Wojaczek

CFF2015_WOJAC1

Poland in the early 1970s: after visiting his mother and father in the town where he grew up, the young, recently published poet Rafal Wojaczek travels back to his small room in the gloomy city of Wroclaw. He wanders the streets, catches up with his girlfriend Teresa, watches television with his landlady, hangs out at the local café. All the time, he is looking for an opportunity to kill himself…

Rafal Wojaczek is regarded as one of the leading poets of post-war Poland, but this is not your average biopic. Instead, it focuses on a brief period near the end of his life. Though made almost thirty years after his death, the film wears its period trappings very lightly: references to communist rule in Poland are limited to a couple of soldiers, some banners with political slogans that no one pays attention to, and the dire state of the food, much of which has to be imported from Poland’s Soviet Bloc neighbours. The characters share a resigned, ironic view of the world which could be interpreted as a defence against totalitarianism, but may just be characteristically Eastern European.

Films with unremittingly self-destructive protagonists, like LE FEU FOLLET, LEAVING LAS VEGAS and CONTROL, are often a hard slog.
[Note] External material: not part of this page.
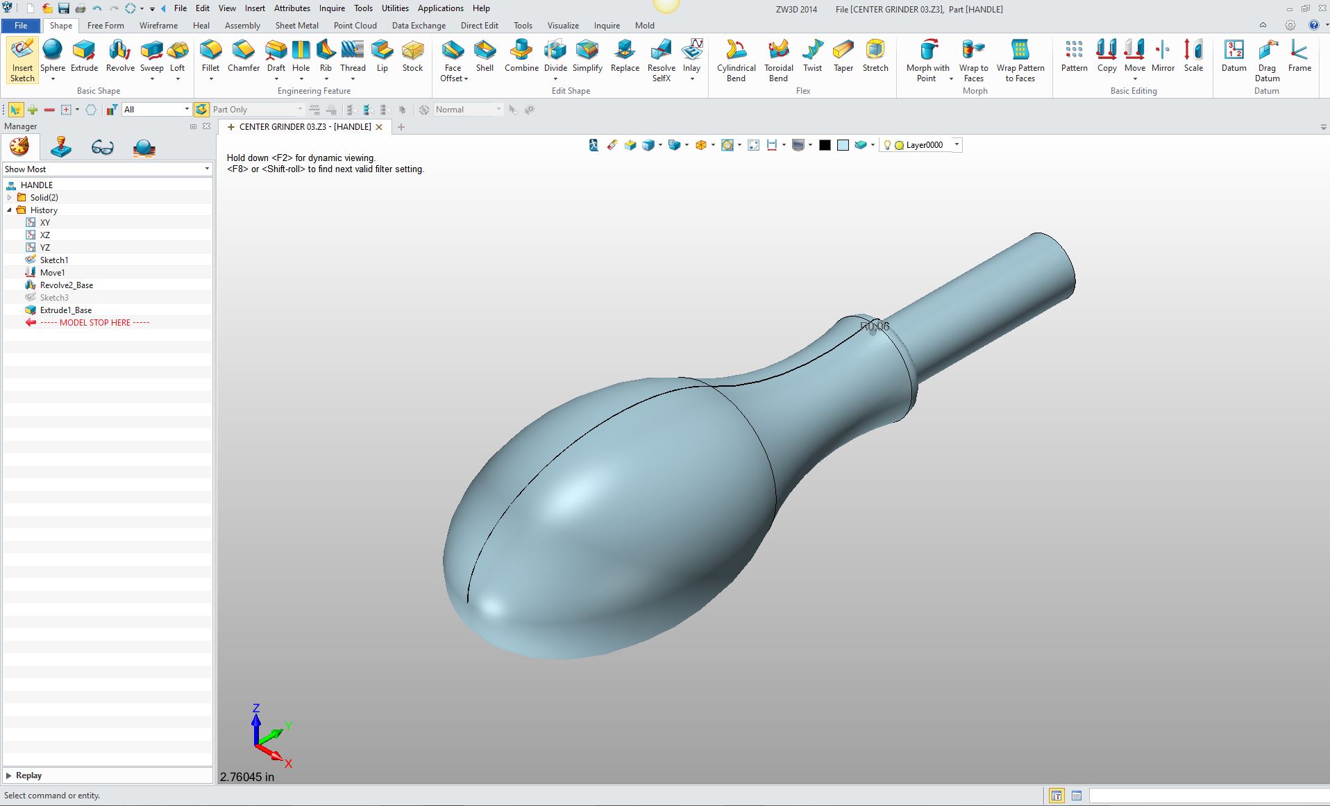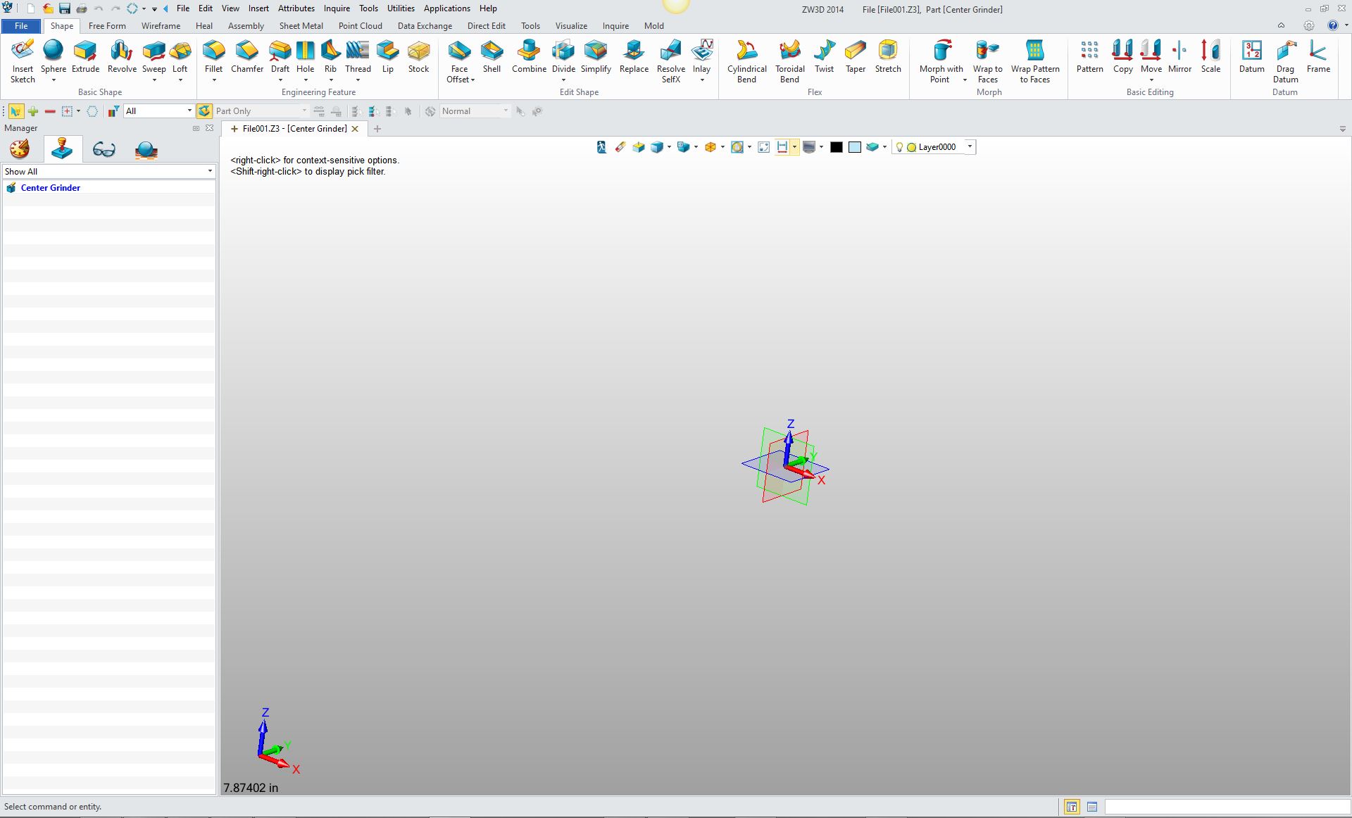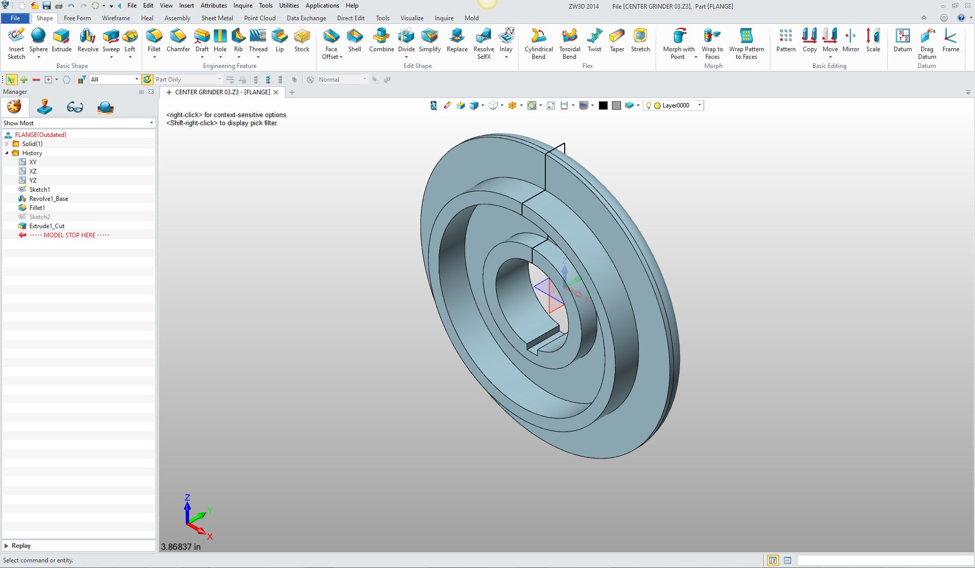 Educating the New 3D CAD Engineer - 2015 Basically all mechanical solid modeling 3D CAD systems are the same. Some are history based only, some with both history and direct edit and some are direct edit only. But they all have extrude, spin or revolve, loft and sweep as their basic construction tools. I have had the above drawing on one of my other articles and I decided to use it to sharpen my skills with ZW3D. I have found that creating solids from a drawing is the very best way to gain experience in 3D CAD. They not only offer many modeling challenges but they also let you see how parts are designed. The above assembly is a great place to start. Feel free to copy and print it. All You Wanted to Know About Drawing to 3D Conversions All 3D CAD systems today are mostly generic so lets take a look as we start this project in ZW3D. ZW3D is unique that you can do the part, assembly and drawings in one file. You can even do scratch 2D drawings like Autocad or Draftsight. Here is our completed assembly We have opened up a Multi-Object file. ZW3D allows you to do the complete project: Parts, assemblies and drawings in one file. ZW3D offers easy to use top down or in context design. Here is our blank assembly. On the left is the top assembly "Center grinder" defined. In the center is our design construction planes. One by one we start adding our parts. The Plane: The first thing you need to completely understand is planes. They are an intricate part of the sketch based programs. They set up what function you are going to use to create your model. Extrude, spin, sweep or loft are all based on the sketch. Once you master planes, you are on your way to learning CAD. I have done some lessons on how to do this assembly in ZW3D. This is the first lesson. 3D Modeling Techniques ZW3D Lesson One Download a fully functional ZW3D for a 30 day free trial and give it a try EXTRUDE I would say that 80% of solid modeling is done with the extrude command. If you are creating parts from sample drawings you should start with the parts that are only made up of extrusions until you feel comfortable with the system. You can look on-line for drawings. Start with easy to complex. If you need some sample drawings, you find a wide variety of part and assembly drawings that shows ZW3D and IronCAD comparisons with all of the major and not so major product that turned in to a study in 3D modeling Techniques. 3D Modeling Techniques Defined We will start with the bearing, it is completely made up of extrusions. Below is a wireframe view showing the sketches that make up the part. It is very important to create the features in a certain order putting the holes in last. Here is a view of the finished rendered part. Blends should be added last. REVOLVE OR SPIN Let's move to the next most commonly used function: the Revolve or Spin. This is the next most popular design tool in all CAD packages and is probably used 15% of the time. There are two parts in this assembly that use this command. Here is the handle. You can see the sketch features. It is not so straight forward. These folks love to use ellipses. I was guessing a bit here. The cylinder on the end was done with an extrusion. The flange is also created with the revolve tool. You can see the sketch from which it was created. I added the blend on the side later. I rarely include a blend in the sketch. They are much easier to edit if put in later. PRIMITIVE SHAPES Many of the systems only have sketching and no primitive shapes. ZW3D offers 5 basic primitive shapes: The Sphere, the Block, the Cylinder, the Cone and the Ellipsoid. You can use these through out the design process. This coupling ring was interesting. I pulled a sphere from the primitive shapes and just cut the sides as shown in the sketch. I am not really used to designing in sketches. I mostly use IronCAD with Drag and Drop Shapes from Standard or Custom Catalogs. I am sure there may be better ways to design in the Pro/e sketch, sketch, constrain, constrain paradigm. I will get better as I get into more design with ZW3D. Now in the bearing and coupling ring you can see that we also used the hole tool. All CAD packages come with custom and standard hole tools. They are very easy to use. SURFACING There is another Design Paradigm besides solid modeling. Below we ran into a situation that required Surfacing. Surfacing may or may not be included in your 3D CAD system. So this part may not be able to be made with your system. But feel free to download ZW3D. Below is the pivot arm. It is made up of two cylinders attach by a twisted ellipse. I was hoping to do this in ZW3D Lite, but the twisted ellipse forced me to use ZW3D Standard to put the arm in as a ruled surface. ZW3D Standard has full free form Class-A Surfacing. Now I assumed this was the intent of the designer. I showed this to a pattern maker from the days before 3D CAD and he said no problem. On the left you see the steps that make up this part. You can see I have stopped the program at the two extruded cylinders with the elliptical holes. Here is the ruled surface utilizing the edges of the ellipses. I added the blends after combining the surface with the cylinders. ZW3D automatically made it a solid. But I was left with these holes. The ruled surface was tied to the edges of these holes so I couldn't delete them, I could have limited the depth, but ZW3D has direct edit and the simplify function actually allowed me to remove the holes in both cylinders. Here are the holes removed and the simplify modification step is in the history. This shows how you can use direct edit functionality as part of your design process. Much of this design was creating planes in different locations to create our parts or even creating them at the assembly origin and moving them into place. I am not really up to speed on the best practices of the Pro/e design paradigm and probably could use some tips. In IronCAD, the plane is not an independent feature so this is a bit new to

Not so here. Indeed, a film focused on its lead character’s death-wish really has no business being this entertaining. Majewski serves the story brilliantly by holding back and refusing to pass judgement. There are few close-ups in the film. Instead, we tend to see the world going on as Wojaczek moves through it. This distance allows an undertone of dark comedy to come through. In particular, the scenes in the café where the local poets congregate, with its terrible shiny-suited band and banal conversations about toilet facilities, are reminiscent of the lugubriously comic films of Aki Kaurismäki.

Majewski repeatedly finds an unexpected beauty in Poland’s crumbling infrastructure

As a corollary to Majewski’s externalised approach, we are given no real insight into the lead character’s mindset. Wojaczek, played by the 22-year-old Krzysztof Siwczyk — a poet in his own right — never attempts to explain himself. At first, he might appear to be merely play-acting, as when he lies in a freshly-dug grave and instructs the grave-digger to bury him — ‘I’m a dead man already’. When his father finds him half-heartedly trying to gas himself, the older man barely reacts, as if to suggest that it is not the first time this has happened. But as the film progresses, it gives an ever stronger sense that Wojaczek feels he has been painted into an existential corner and sees no other way out, despite his growing success as a poet, support from family and friends and a girlfriend who accepts his mood-swings and rather casual attitude to love-making.

Aided by the film’s black and white cinematography, Majewski repeatedly finds an unexpected beauty in Poland’s crumbling infrastructure. His decision to open and close with very similar shots — Wojaczek breaking a restaurant window at start by jumping out of it, then glaziers replacing the glass — adds an elegiac note to this strange, sad but darkly funny tale.